Description of the task -
For this exercise, reproduce only the lines from the one holding "I had the sticky" through the final line of the data below, exactly, and omit pictures.

[Records from a dataset]

-----

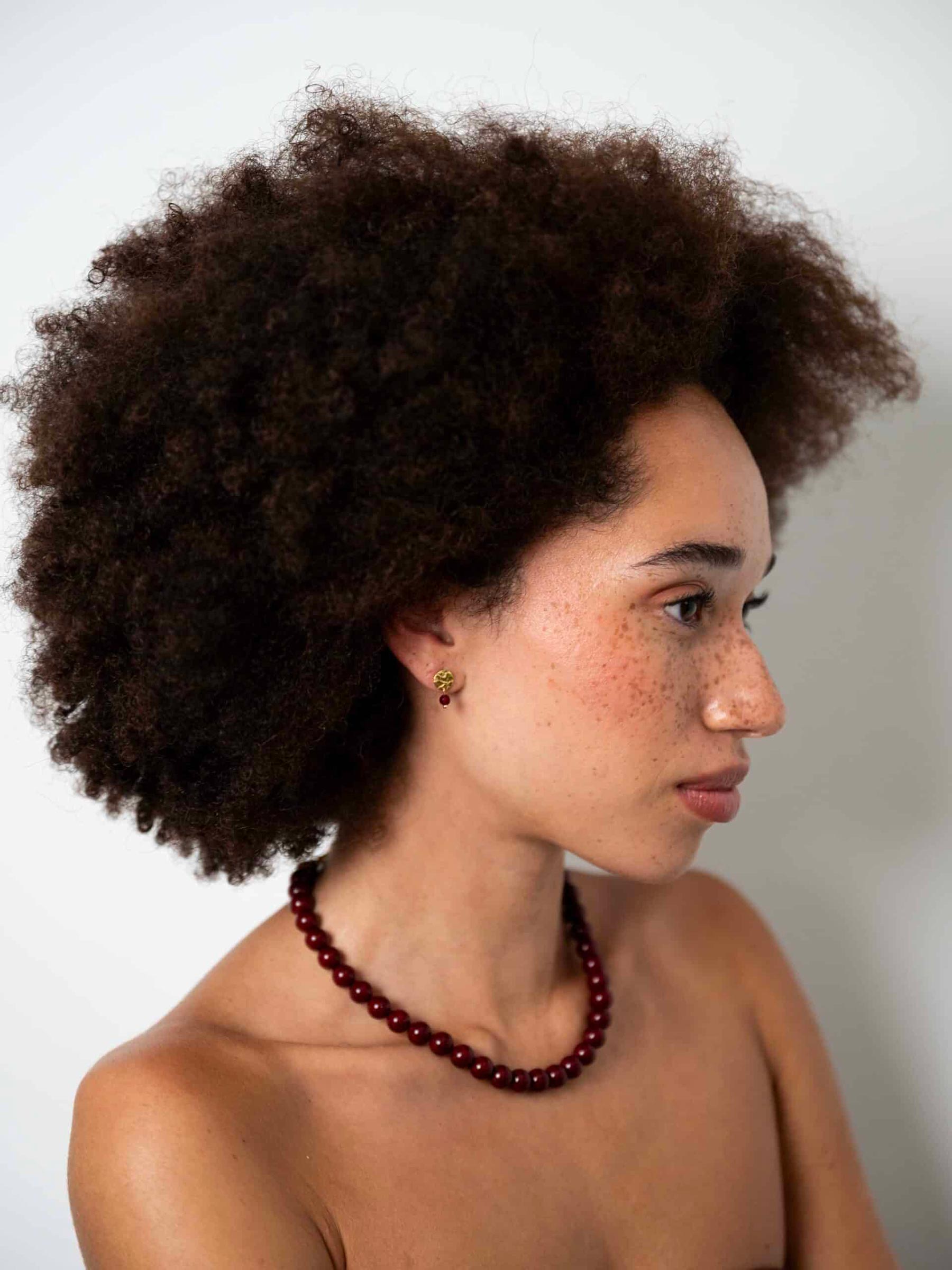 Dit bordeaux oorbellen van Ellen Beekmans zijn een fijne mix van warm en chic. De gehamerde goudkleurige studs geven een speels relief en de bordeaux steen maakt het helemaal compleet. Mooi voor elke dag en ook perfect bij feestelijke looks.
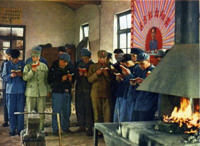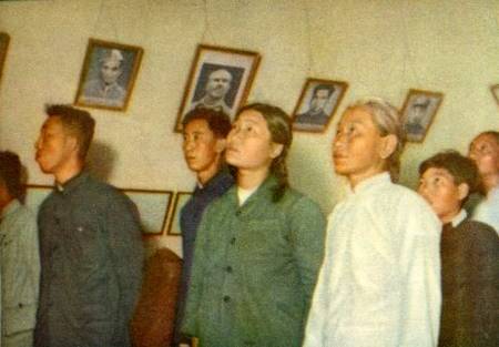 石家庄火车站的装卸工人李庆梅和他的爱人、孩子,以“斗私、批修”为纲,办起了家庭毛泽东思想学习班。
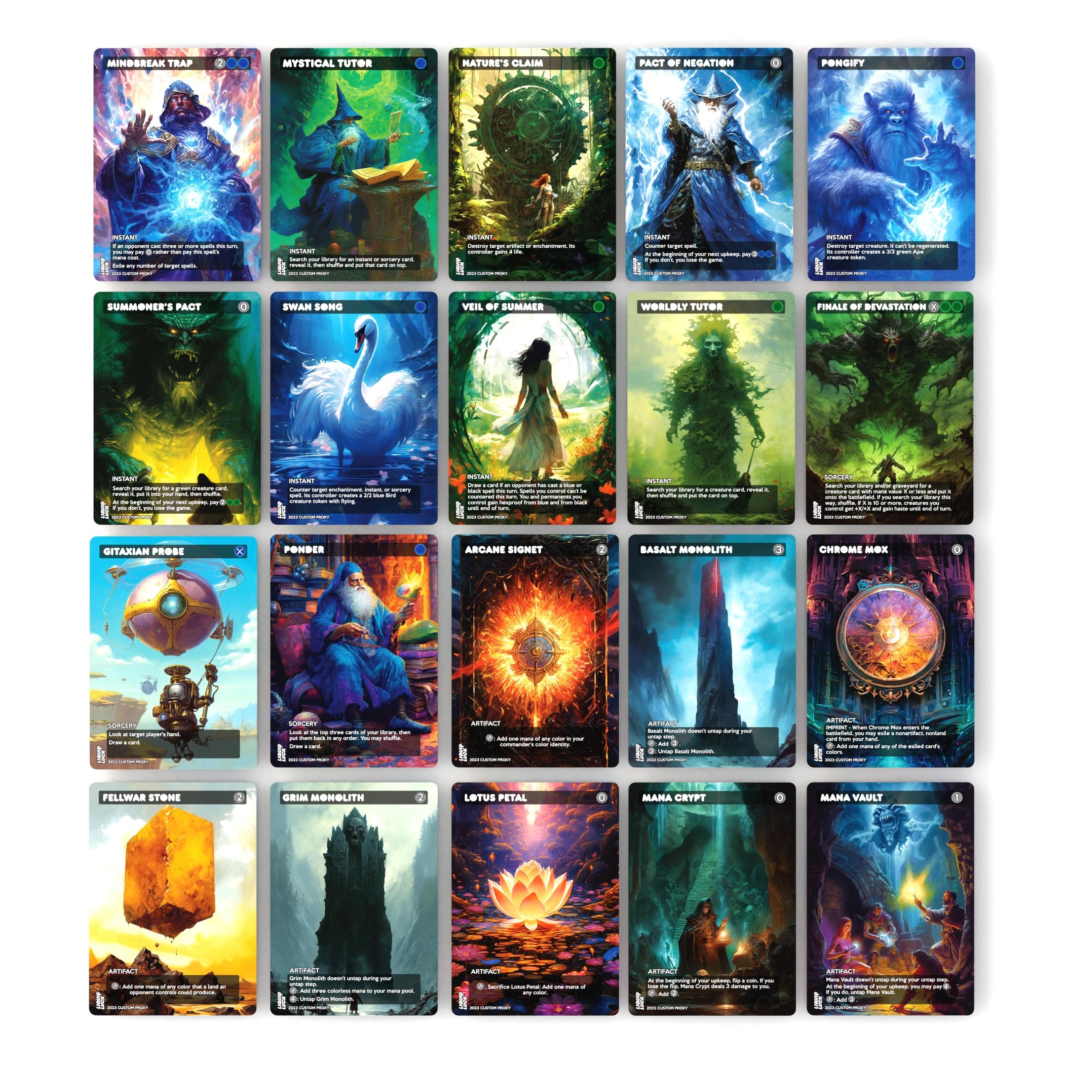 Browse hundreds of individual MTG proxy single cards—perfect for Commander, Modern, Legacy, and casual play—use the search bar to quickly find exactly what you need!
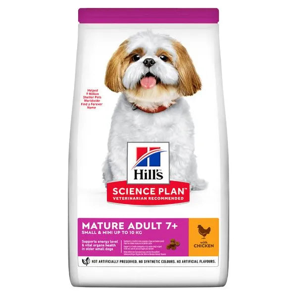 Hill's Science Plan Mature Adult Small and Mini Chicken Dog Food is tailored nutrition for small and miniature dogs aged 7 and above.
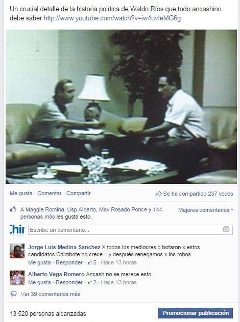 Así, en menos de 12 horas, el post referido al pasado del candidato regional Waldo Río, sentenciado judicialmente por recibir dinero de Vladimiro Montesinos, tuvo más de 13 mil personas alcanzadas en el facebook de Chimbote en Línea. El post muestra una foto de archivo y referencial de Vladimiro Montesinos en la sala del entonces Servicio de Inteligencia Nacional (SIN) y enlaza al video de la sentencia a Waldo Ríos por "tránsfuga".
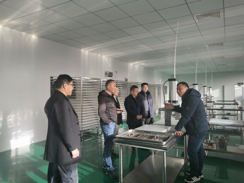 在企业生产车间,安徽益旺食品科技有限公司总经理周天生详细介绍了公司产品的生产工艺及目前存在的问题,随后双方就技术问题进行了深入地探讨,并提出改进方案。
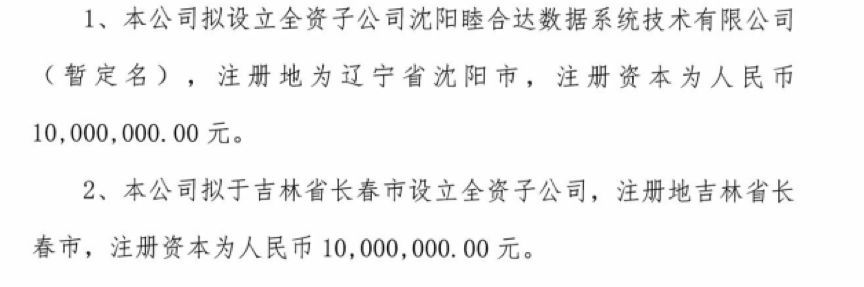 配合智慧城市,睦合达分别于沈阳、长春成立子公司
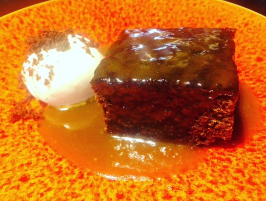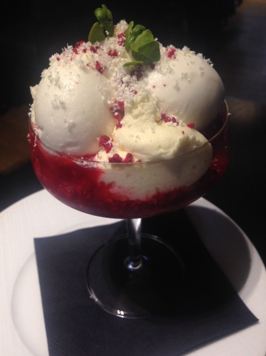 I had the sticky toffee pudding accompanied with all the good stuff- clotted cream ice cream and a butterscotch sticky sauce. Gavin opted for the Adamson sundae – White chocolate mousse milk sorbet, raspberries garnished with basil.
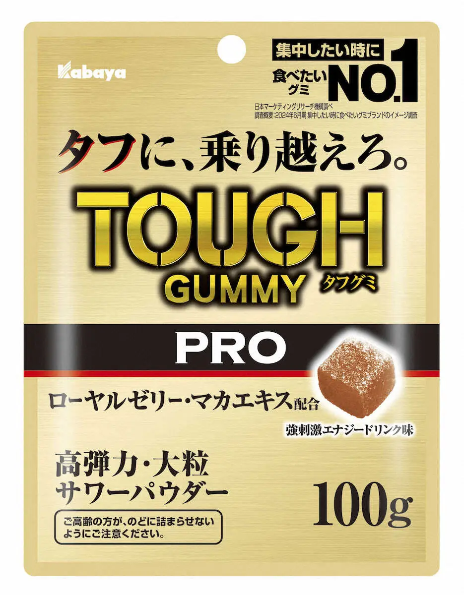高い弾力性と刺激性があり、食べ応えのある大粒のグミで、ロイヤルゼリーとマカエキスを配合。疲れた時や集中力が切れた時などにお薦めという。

-----

Exercise response -
 I had the sticky toffee pudding accompanied with all the good stuff- clotted cream ice cream and a butterscotch sticky sauce. Gavin opted for the Adamson sundae – White chocolate mousse milk sorbet, raspberries garnished with basil.
高い弾力性と刺激性があり、食べ応えのある大粒のグミで、ロイヤルゼリーとマカエキスを配合。疲れた時や集中力が切れた時などにお薦めという。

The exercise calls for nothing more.